Around this time I used to go to the pub with a bunch of guys, one of which would include this girl from one of the churches I went to. Never drank alcohol, naturally, but she was connected to a couple of my mates so she came along to mingle and all the rest of it. I've always been an accepting person, regardless of who I've hung about with, so she was welcome to chill with the fellas. Except she had a propensity to cast judgement on the choices of others,
particularly sexual choices. So if someone spoke about a relationship or a sexual encounter, out would come the
ridiculous moral judgments about 'lack of respect' and empty souls etc.
But worst of all, and I really couldn't cope with this, was her habit of bringing up conversations about homosexuals and
homosexuality, where she would say something like "I'm sorry, but gays are not normal, their acts are disgusting and against the word of God and they are going to hell".
This may have seemed normal amongst her mates, but down my local with the gang? Totally and utterly inappropriate and not in keeping with normal conversation whatsoever. Firstly, none of us were (openly at least) gay, and secondly ,why say it? Why make the point over and over. Alright, already, you think gays are toast. We don't and we don't really want that sort of shit spoken here. She never got the hint, instead backing up her sometimes politically tinged comments with stuff about 'love for the person, not the deed'. Well, if there's love for the person, why do you look like a bulldog swallowing a wasp whenever you obsessively raise the subject of gays and the Devil?

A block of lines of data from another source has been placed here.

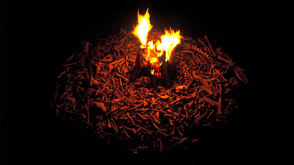 This phase also carried an intentional act of auto-documentation. Unlike many works where recording is a separate, secondary process, here the creation of a remnant record was woven into the work itself. Beneath the bones, at the four cardinal points, unexposed photographic paper had been placed. When the fire was kindled, its glow directly imprinted the bones’ shadows onto the paper – a delicate photogram capturing the ephemeral encounter between light, material, and place.
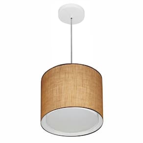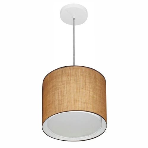 Lustre Pendente Cilíndrico Duplo Md-4284 Cúpula Tecido 30x30cm Palha
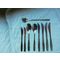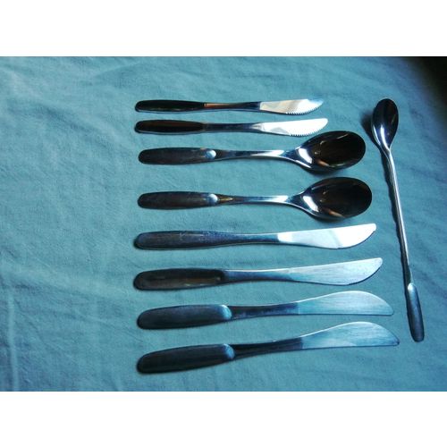 Erittäin hyvässä kunnossa olevat Savonia-aterimet: 4 veistä (20 cm) 2 veistä (16,5 cm) 2 ruokalusikkaa (18,5 cm) 1 cocktail-lusikka (20,5 cm)
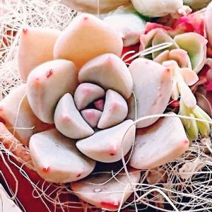 初めて買った多肉、ピンクプリティ😊 この子が冬を越す頃には、私も多肉2年生✨ 買った頃より肉厚になった⁉️ 今は先だけピンクで、優しい色☺️ 四季を通して、いろんな姿を見せてくれます💕
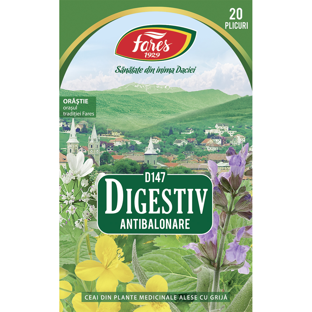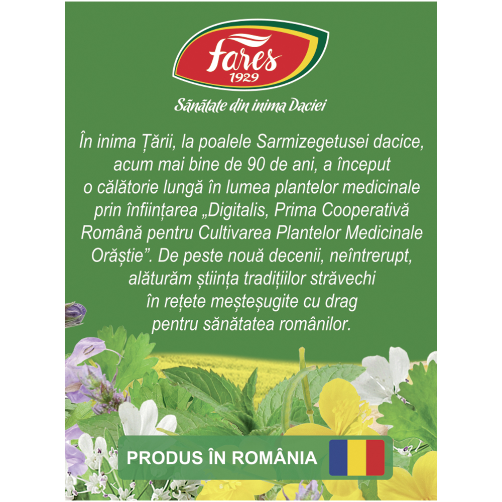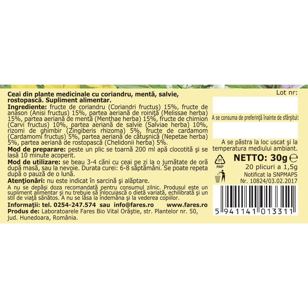 Suplimentul alimentar, un ceai din plante medicinale de la Fares 1929, este un amestec formulat cu grijă pentru a sprijini procesele digestive. Conține ingrediente precum coriandru, anason, mentă și chimion.
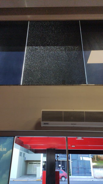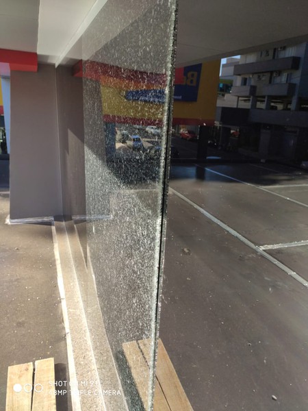 Como os vidros são reforçados com duas camadas de película, apesar de terem sido completamente quebrados o espaço não ficou aberto. Para a substituição a empresa investiu mais de R$ 2 mil.

I've never had a good, positive, sincere encounter with a Christian. If they are not outright offensive and
cunty, they are manipulative, sly and mealy mouthed, with awkward intentions. Religious people, based on my experiences, fall into two camps. Those that need the crutch for themselves, to provide meaning and validation. And those that need it to be a crutch for other people. The gullible, selfish salvation hunters, and the power hungry manipulators.
And I guess all this ties in quite nicely with the film 'W.' and phenomenas like Tony Blair. People in high up positions of power are enraptured by religion, because it is a tool of power over themselves and others.
Religion is the lubrication of lunacy. It is no co-incidence that most of the world's religious leaders and political figures are lunatics and complete bastards.